Abstract
Purpose :
Glaucoma is one of the most prevalent causes of world blindness, characterised by high IOP and associated loss of retinal ganglion cells in the retina. For the development of novel therapies, reliable animal models that mimic disease pathology are still lacking and improvements to current models, as well as understanding of differences amongst strains are also needed.
Methods :
An experimental model of glaucoma induced by injection of magnetic microspheres into the anterior chamber to increase intraocular pressure (IOP) was examined for phenotypic and electrophysiological responses in two rat strains. We injected spheres at various concentrations (20, 15, 10, or 5mg/ml) using Lister Hooded or Norway Brown rats. IOP was measured for up to a period of 7 weeks using a rebound tonometer. Optic nerve damage was determined by electron-microscopy examination and retinal ganglion cell function was assessed by measurement of the scotopic negative and positive threshold responses of the ERG.
Results :
There was a significant rise in IOP and decline in RGC function and number, for Norway brown rats receiving 20, 15 or 10mg/ml microspheres.

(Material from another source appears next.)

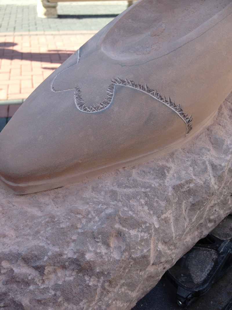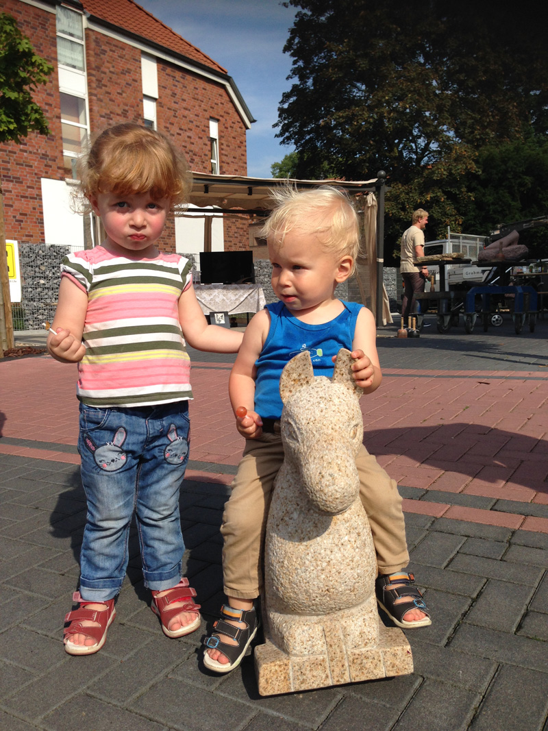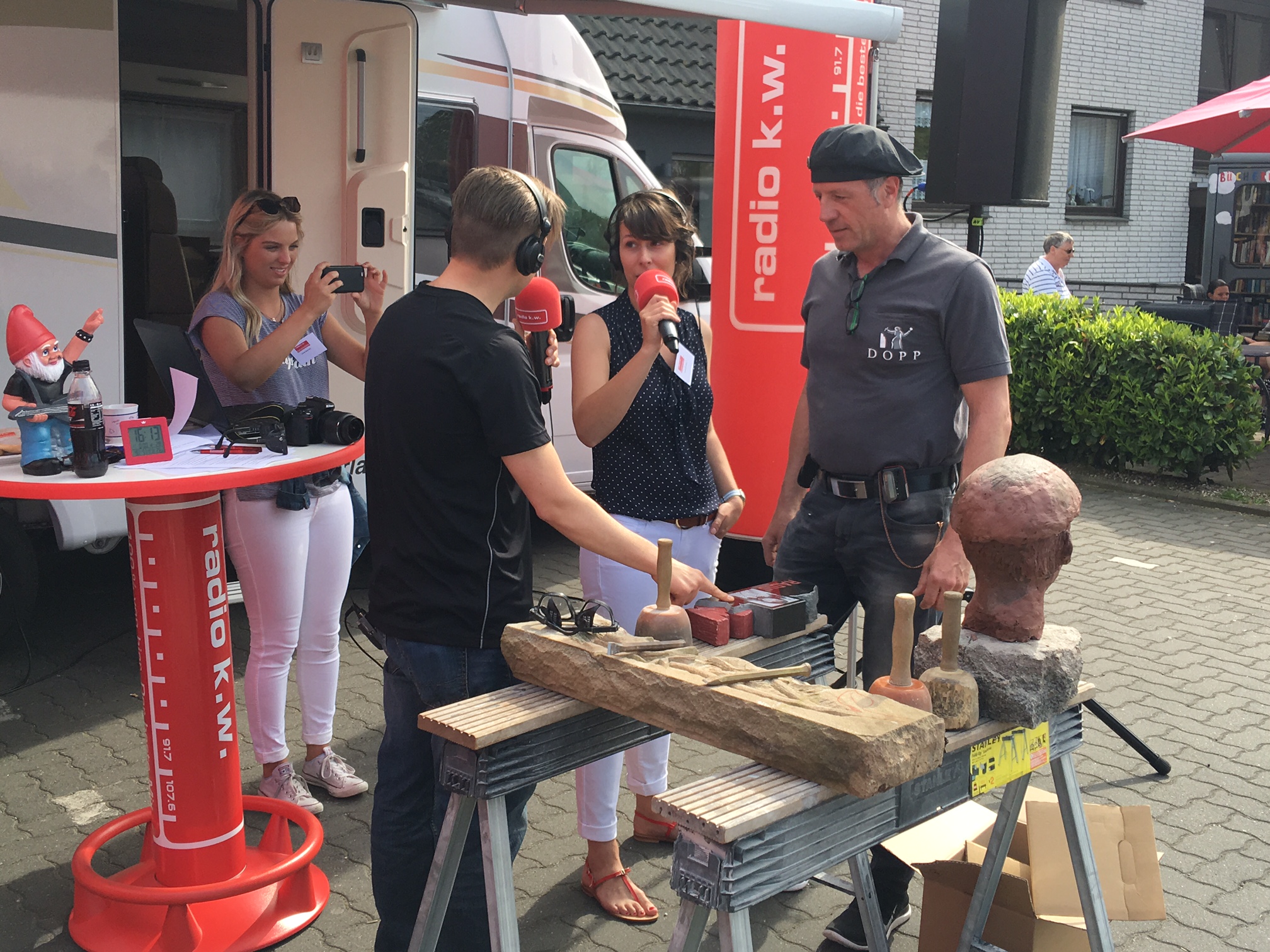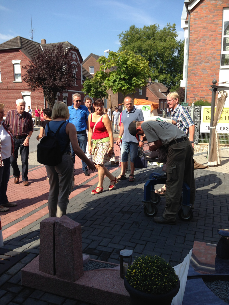 1m großer Sandstein Daumen auf der Maler Palette Eröffnung Olga Landesgartenschau Oberhausen.

The results showed that 10mg/ml microspheres are optimal to produce a rise in IOP that was related to the functional damage in RGCs as shown by significant impairment to the nSTR and pSTR. However, Lister hooded did not respond as robustly to the microbeads, showing higher variability in IOP. An impairment to the pSTR and nSTR was observed in Lister hooded rats, independent of IOP elevation. There were no significant differences in ERG responses of the control eyes between the strains. Electron microscopy analysis of the axonal damage showed a significant impairment of RGC axons in both strains.
Conclusions :
This magnetic microsphere model is easy to conduct and appears to resemble human disease when induced in the Norway brown rat. This is suggested by observations that raised IOP correlates to RGC loss and associated functional decline. However, this response is not replicated in the Lister hooded strain. Further investigations on the physiological and anatomical differences between strains may aid in the selection of animals for experimental studies of glaucoma therapies.
This abstract was presented at the 2019 ARVO Annual Meeting, held in Vancouver, Canada, April 28 - May 2, 2019.